Search code examples
pythonnumpyprobability

How to sample random variable from a different sized probability distribution


I'm trying to do this

np.random.choice(a, 1, p=p)

where len(a) != len(p)

Could you point me in the direction where to look for how to resize the probability distribution "p"? The idea is to keep the same distribution but over a different number of variables.

EDIT: Basically this (https://en.wikipedia.org/wiki/Scale_parameter) but with discrete variable.

I think that the interpolation is the way to go as suggested by Ryan Sander. I am using a neural network to output the policy distribution over an environment action space. I'm trying to train the network on multiple environments with different action space sizes. For example the network is outputting the distribution over a action space of size 6 (actions [0,1,2,...5], 6 numbers summing up to 1) and I'm trying to sample this distribution over an action space of size 9. Or the other way around.

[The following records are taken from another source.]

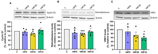 Previous data indicated the implication of VRK1 in cell cycle progression by inducing cyclin D1 expression. In order to inquire about the mechanism of action of our aptamers, we analyzed the effect of them in the cyclin D1 levels. A total of 24 h after transfection, MCF7 cells were lysed and analyzed by Western blot, showing that V#F28 significantly reduces cyclin D1 levels (15%) (Figure 5A). In parallel, we analyzed the levels of phosphorylated and total retinoblastoma (Rb) using an antibody against total Rb protein. The phosphorylated Rb, which migrates slowly in SDS-PAGE, did not change after treatment with the three aptamers (Figure 5B and Supplementary Figure S3A) while the three aptamers reduced at about 20–25% the levels of total Rb protein, being significant for apVRKF8 (Figure 5B). In addition, cyclinD1 and Rb protein levels correlated significantly (Spearman r = 0.721, p = 0.003). However, the levels of the proliferation marker PCNA did not change after the treatment with the aptamers (Supplementary Figure S3B). Interestingly, the three aptamers produced a reduction of 20% in VRK1 levels (Figure 5C). Altogether our findings support that VRK1 aptamers inhibit VRK1 activity and levels producing a reduction of cyclin D1 expression and arrest in G1 phase of the cell cycle, preventing cell cycle progression, which leads to a programmed cell death.
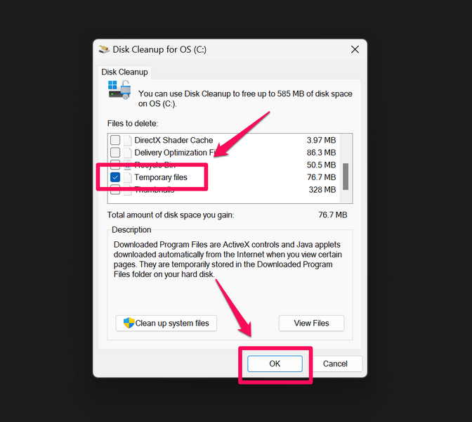話雖如此,您可以按照以下步驟使用磁盤清理工具刪除 Windows 11 PC 或筆記本電腦上的 TMP 文件:
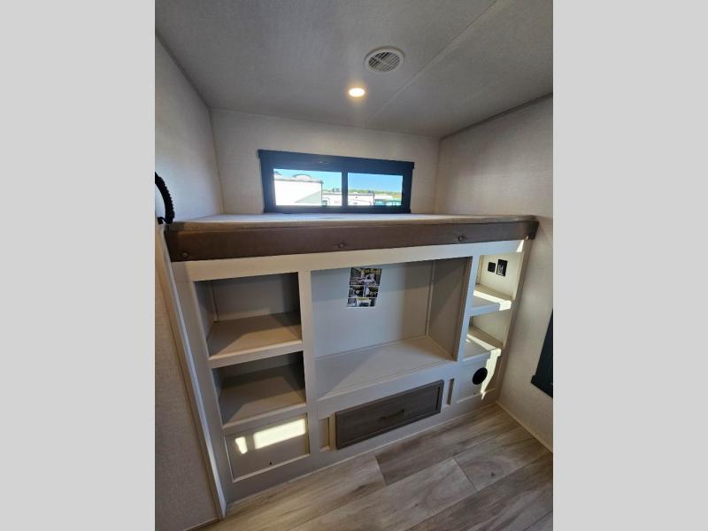 Your kids or friends are ready for a trip in this Wildwood Heritage Glen travel trailer, but are you? As the kiddos or your buddies claim the private bunkhouse for themselves, which includes two bunk beds and a convertible sofa bed, you can escape to your own privacy in the front bedroom with a queen bed and lots of storage. There is even washer/dryer prep for added convenience. The main living area and kitchen might be the next indoor hangout spot thanks to the chef-size walk-in pantry and 12V refrigerator. The cook even has a choice of making meals on the outside kitchen/bar which also includes an LP quick connect nearby. On rainy days, the theatre seats and booth dinette will offer a place to watch TV and play games, and the panoramic windows will always offer beautiful scenery no matter the weather conditions.
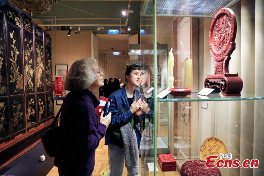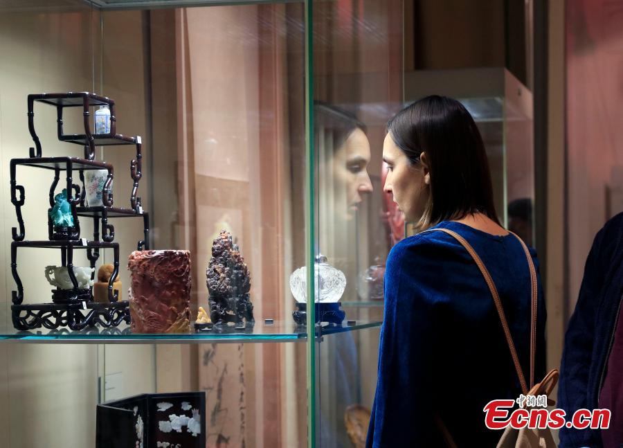 People view exhibits during a special exhibition to commemorate the 75th anniversary of the establishment of diplomatic ties between China and Russia at the State Museum of Oriental Art in Moscow, Russia, Dec. 4, 2024. (China News Service/Tian Bin)
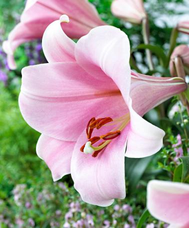Trumpetliljan kan planteras i kruka.Tack vare sin starka blomstjälkar växer trumpetliljan 'Bell Song' mycket bra i blomkrukor och lådor. Du kan fylla hela krukan med de här vackra liljorna. Plantera lökarna med ca 10 cm mellanrum. Du kan också skapa en vacker kombination med andra liljelökar och den mycket lägre växande astern (Callistephus).

The problem with interpolation is that the values that I get do not sum up to 1. If I do softmax on those values, the distribution that I get does not have the same(ish) shape as the original.


Solution

  • A couple suggestions:

    1. If you want to "interpolate" your probability distribution across the new values, you can do so using np.interp, i.e. using the example below:
    # Set parameters for interpolation
    xp = <VALS THAT P IS CURRENTLY OVER>
    x = <VALS YOU WANT P TO BE OVER>
    
    # Now interpolate
    p_interp = numpy.interp(x, xp, p)
    
    1. If you want to simply sample from the same variables as before (i.e. use the exact same probability distribution), you can use np.pad. You will probably want to specify different values for the left and right sides, depending on where the values you sample from in p fit in with the values in a.
    # Value to pad by (on both sides)
    pad_width_left = 5   # Padding on lefthand side
    pad_width_right = 3  # Padding on righthand side
    
    # Now pad vector
    p_padded_left = np.pad(p, pad_width_left)[:-pad_width_left]
    p_padded_right = np.pad(p_padded_left, pad_width_right)[pad_width_right:]